TASK TO CARRY OUT: Below are the entries. Print only the lines starting at the one with "Naklejka premium Close" and ending at the one with "Text: You belong", exactly, with no pictures.
= = = = = = =
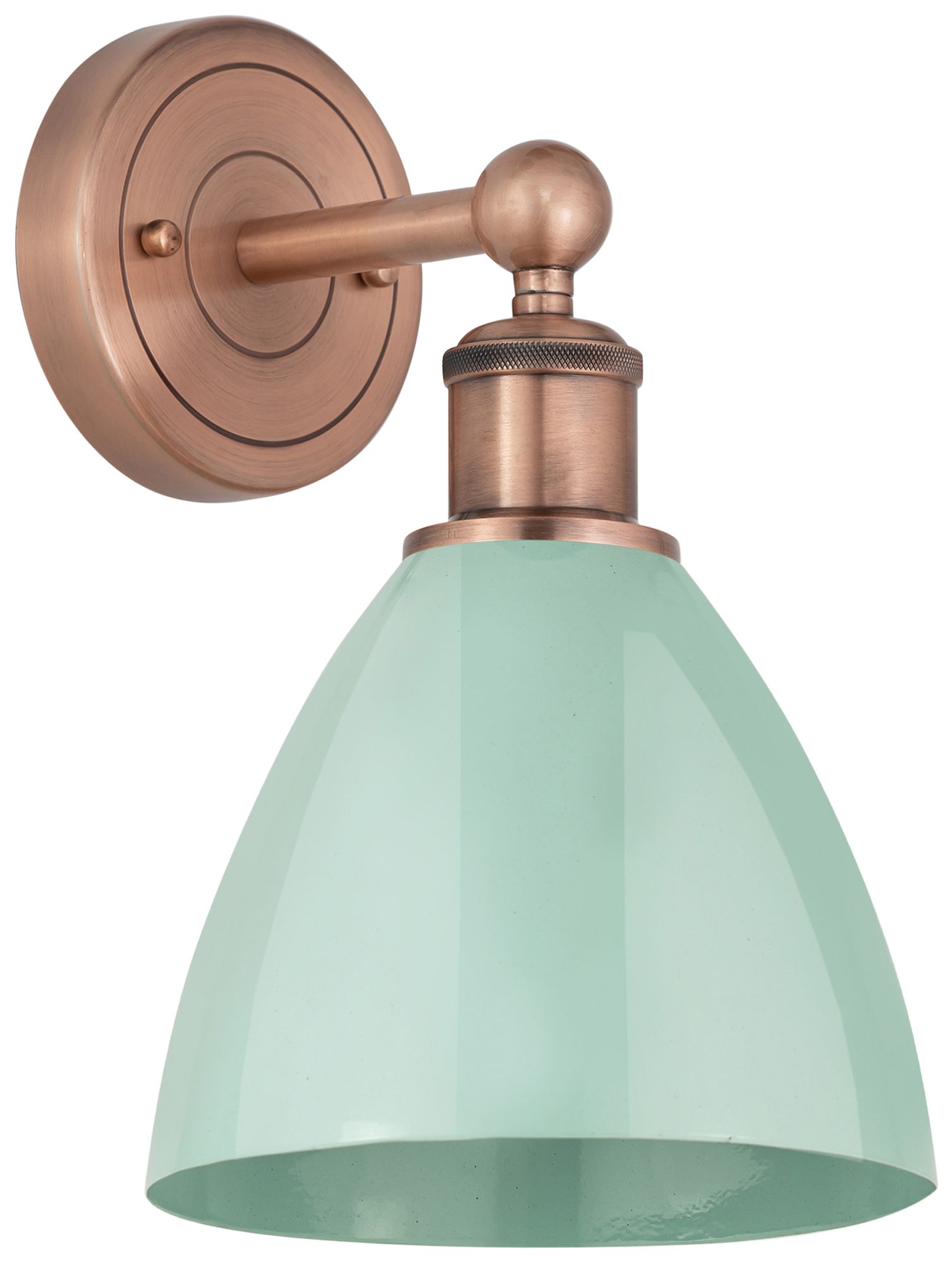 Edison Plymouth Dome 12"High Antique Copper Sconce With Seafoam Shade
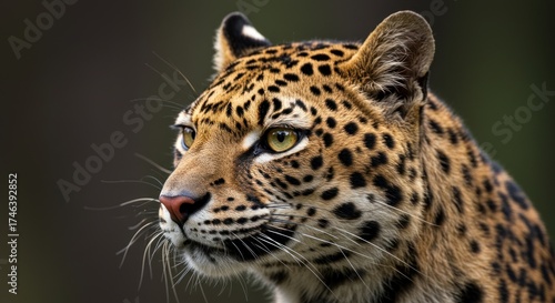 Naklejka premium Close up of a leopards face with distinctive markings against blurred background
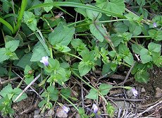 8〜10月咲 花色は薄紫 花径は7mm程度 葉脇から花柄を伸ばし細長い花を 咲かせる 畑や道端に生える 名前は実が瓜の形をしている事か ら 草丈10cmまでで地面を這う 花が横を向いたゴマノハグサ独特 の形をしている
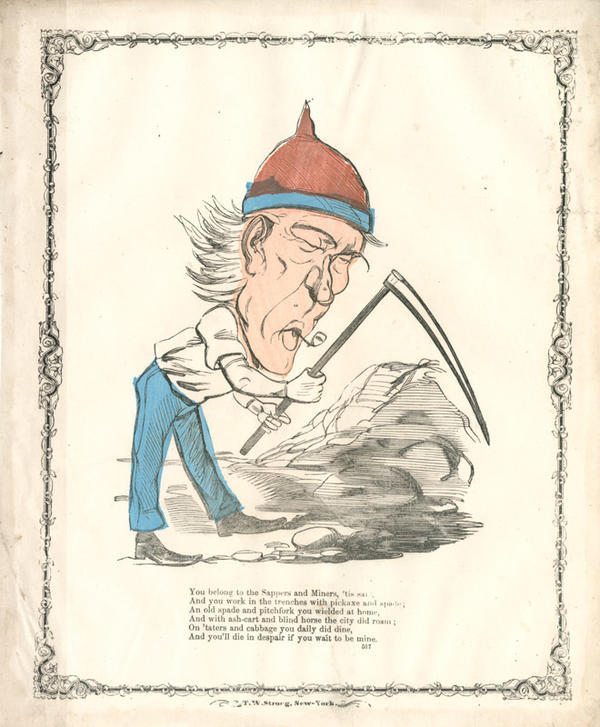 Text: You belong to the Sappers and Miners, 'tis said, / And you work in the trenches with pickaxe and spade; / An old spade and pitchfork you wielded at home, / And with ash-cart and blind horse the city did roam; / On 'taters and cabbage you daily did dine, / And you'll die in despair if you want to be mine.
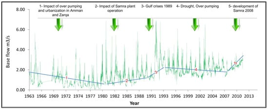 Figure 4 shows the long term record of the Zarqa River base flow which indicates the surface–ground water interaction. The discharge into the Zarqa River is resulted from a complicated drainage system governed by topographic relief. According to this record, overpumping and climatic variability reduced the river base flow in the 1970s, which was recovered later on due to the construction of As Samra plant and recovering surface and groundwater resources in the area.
= = = = = = =
RESULT OF THIS EXERCISE:
 Naklejka premium Close up of a leopards face with distinctive markings against blurred background
 8〜10月咲 花色は薄紫 花径は7mm程度 葉脇から花柄を伸ばし細長い花を 咲かせる 畑や道端に生える 名前は実が瓜の形をしている事か ら 草丈10cmまでで地面を這う 花が横を向いたゴマノハグサ独特 の形をしている
 Text: You belong to the Sappers and Miners, 'tis said, / And you work in the trenches with pickaxe and spade; / An old spade and pitchfork you wielded at home, / And with ash-cart and blind horse the city did roam; / On 'taters and cabbage you daily did dine, / And you'll die in despair if you want to be mine.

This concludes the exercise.